It works man... he just wants me to send it to him to put in his boat


----------



## OhioStateBuckeye (Jan 26, 2009)

i think im going to do it... might try to find a way to box it in and put a lid on top i dont know! so much to do so little time.


----------



## russ010 (Jan 26, 2009)

crap - now that you mention the top, I'm not finished....

I plan on cutting out a rectangle (not sure of size yet), and using a piece of the aluminum bench top that I cut out of my boat. I'll attach it to the top of the tub with a stainless steel piano hinge fastened with rivets.

I forgot how high exactly it sits above the rear bench, but I think I could deck around it. Then I could put insulation around the bottom side of it to keep it at desired temps.... (this edit comes in after HiH (hoist-n-hawgs) gives me the idea for insulation.)


----------



## HOIST-N-HAWGS (Jan 26, 2009)

Outstanding instructional post Russ! =D> I have a draw full of inventions 80% complete. Now if I could I borrow your brain for a day or two for the final 20%, they may actually work! 

On the "keeping it cool" subject, you may want to consider some sort of insulation. I've tried something simuliar in the past(didn't look anywhere near as good as your's) using ice to cool them off during the warmer months. Can yu say FISH BOIL? #-o I also had a Taho livewell and delt with the same problem. I wrapped it w/insulation(cover and sides), then duct tape. It worked, but esthetics were an issue. 

Great work and it looks good too! :beer:


----------



## russ010 (Jan 26, 2009)

I'm going to wait and see what happens when the water's get warmer.. Here in the south the surface temp of the water can get up to about 95* or higher... most places I fish average about 89-93*. 

The plan I have so far is filling the water when I get to the lake, and insert a liter bottle of frozen water. Actually, what I plan on doing is filling up a 2L bottle first, cut the top off and put that block of ice in, then direct water coming in from the lake to run over it... that's how you get cold water. Then put 1L frozen bottles in to keep it at the desired temp. As water changes are necessary, I think I'll cut the top off of 1L bottles and do the same thing. I can fill/refill at the same time, so shouldn't be too much of a problem. But we'll have to wait a few more months before we get that kind of temp. I plan on putting some kind of aquarium thermometer in to keep an eye on the temperature. When the water gets around 70*, water should be changed out every 3 hours. This is what I'm shooting for to start with.


----------



## russ010 (Jan 26, 2009)

I've been thinking about this livewell now for the last few hours and decking... I think I can make it happen, but this thing sits higher than my bench seat. I could cut out the floor the dimension of the bottom of the tub, then build up around it to match the rear bench so that I have more platform... but I think what I am going to do (don't know why I didn't think of this in the first place) is go to my brother-in-laws HVAC shop and make me one out of sheet metal. Then I can insulate the outside of it with HVAC insulation, and make it the dimensions that will allow it to sit even with the rear bench. He has all the machines to make it happen, I just have to get back to SC in my free time to build it.


----------



## rcgreat (Jan 26, 2009)

Russ, you are the Man!!!! Nice work. I am still working on mine.


----------



## russ010 (Jan 26, 2009)

I worked all the kinks out before posting this to make sure it would work.. the only thing I have yet to do is put a fish in it.

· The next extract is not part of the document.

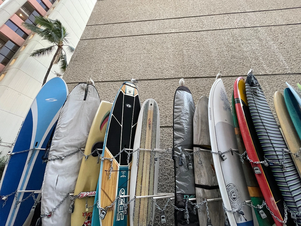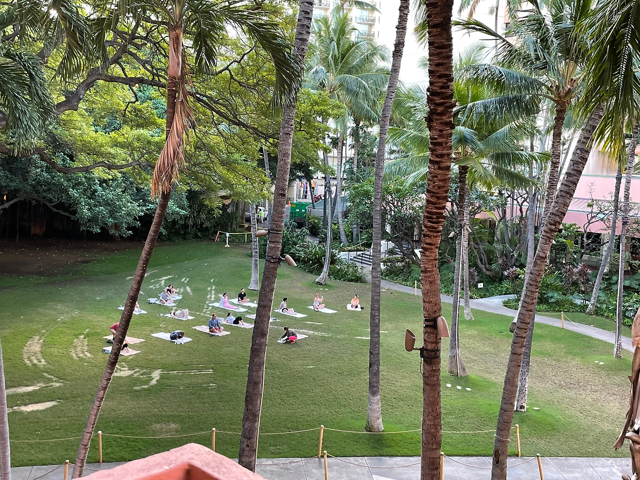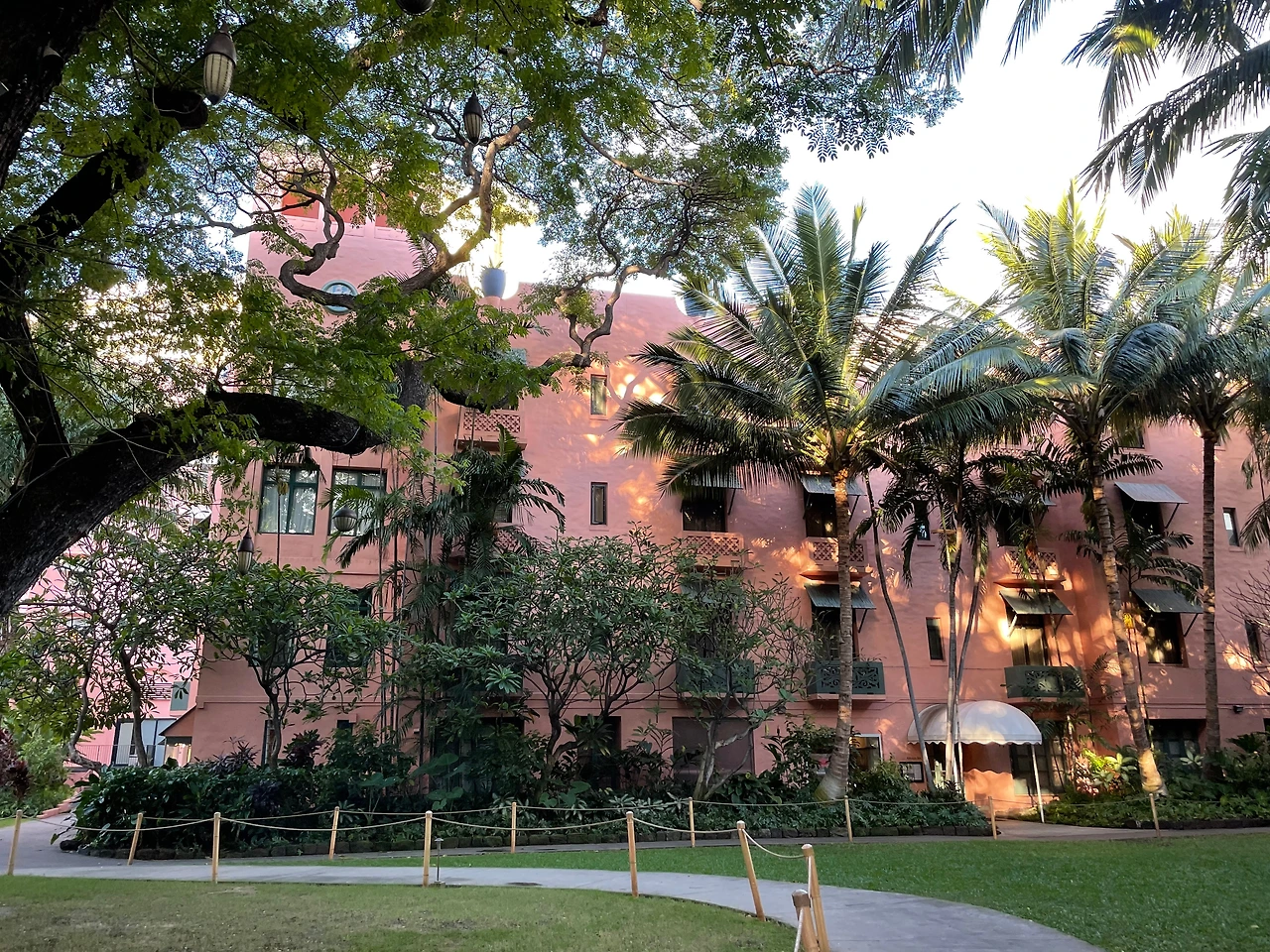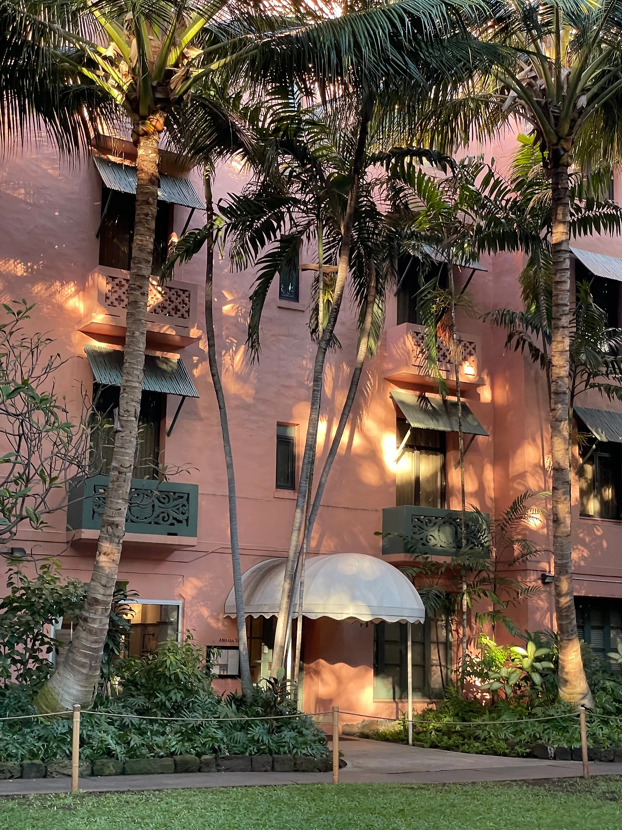 오아후에서는 겨우 3일만 숙박을 할 수 있었기 때문에 다른 섬에서 나름 절약한 비용으로 꽤 괜찮은 숙소들을 방문해 보고 싶었다. 그중 하나가 핑크 리조트로 유명한 1927년 오픈한 로열 하와이언 럭셔리 리조트다. 이름에 럭셔리가 들어가 있는 게 왠지 자기 자랑하는 것 같아 어색하지만 이름에 걸맞게 직원들이 입구에서부터 엄청 친절하고, 또 건물 자체가 고풍스럽고 멋있어서 룸 내부며 곳곳을 구경하는 재미가 있다. 좀 특별한 점은 요일별로 요가 수업. 레이(하와이식 꽃 목걸이) 만들기 수업 등 투숙객들을 위한 클래스를 운영한다는 것. 한국인들을 포함한 다국적의 여행객들이 묵는 인기 있는 숙소가 아닐까 하는 개인적인 평가를 내려본다.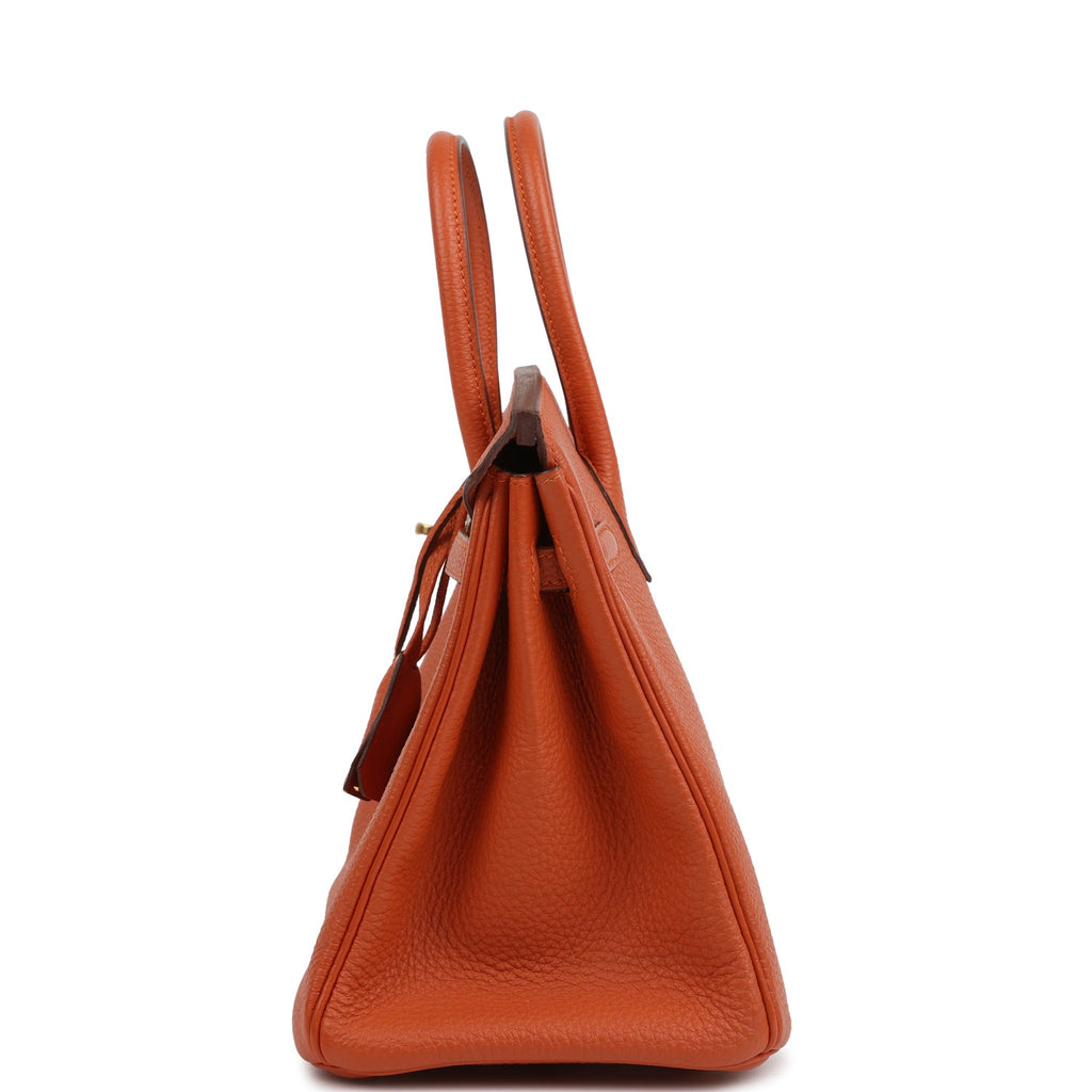 This Birkin is in Orange togo leather with gold hardware and has tonal stitching, front flap, two straps with center toggle closure, clochette with lock and two keys, and double rolled handles.The interior is lined with Orange chevre and has a zip pocket with an Hermes engraved zipper pull and an open pocket on the opposite side.Collection: T (2015)Origin: FranceCondition: Pre-owned; Mint – This bag retains its shape structure. There is plastic on all the hardware, but it is not original plastic. Beneath the plastic, there are some light scratches to the turnlock. The exterior leather is clean with the exception of two tiny chips to the back handle left side and some minor splitting to the front flap opening where the turnlock sits. The interior leather is clean with no signs of wear.Accompanied by: Hermes box, Hermes dustbag, felt, clochette, lock, two keys, clochette dustbag, carebook, rainhatMeasurements: 10″ width x 7.5″ height x 4.75″ depth; 2.75″ handle drop

When I turned the bilge on, I checked the voltage on my fishfinder, and at the time I went from 13.6v to 13.5 volts. I'm running a 500GPH bilge and it goes into a cigarette lighter adapter. One thing I wasn't thinking about was the adapter that attaches to the bilge pump has a little light on it that shows it's receiving power. I doubt that could draw much power, but when trying to conserve power, that little bit probably wouldn't make a difference, but it's something to think about.


----------



## Waterwings (Jan 26, 2009)

Russ,

I see the entire post, including the pics and pricing.


----------



## Hanr3 (Jan 27, 2009)

Great idea and nice write up.

My only concern is the weight your expecting that tub to control. Water weighs roughly 8 pounds per gallon. To keep the math simple, 20 gallons * 8 = 160 pounds. I suspect that tub wont be able to control 160 pounds of water in rough seas. Building the exterior box and insulating it should solve that problem and you could lower the height to match your deck.


----------



## russ010 (Jan 27, 2009)

I've filled that tub up to about 18 gallons so far, so that should be roughly 150lbs including tubweight and accessories.. it's just like putting another person in the back of my boat. I don't get in rough seas, only electric only lakes where there are no waves, only high winds and some little white caps. 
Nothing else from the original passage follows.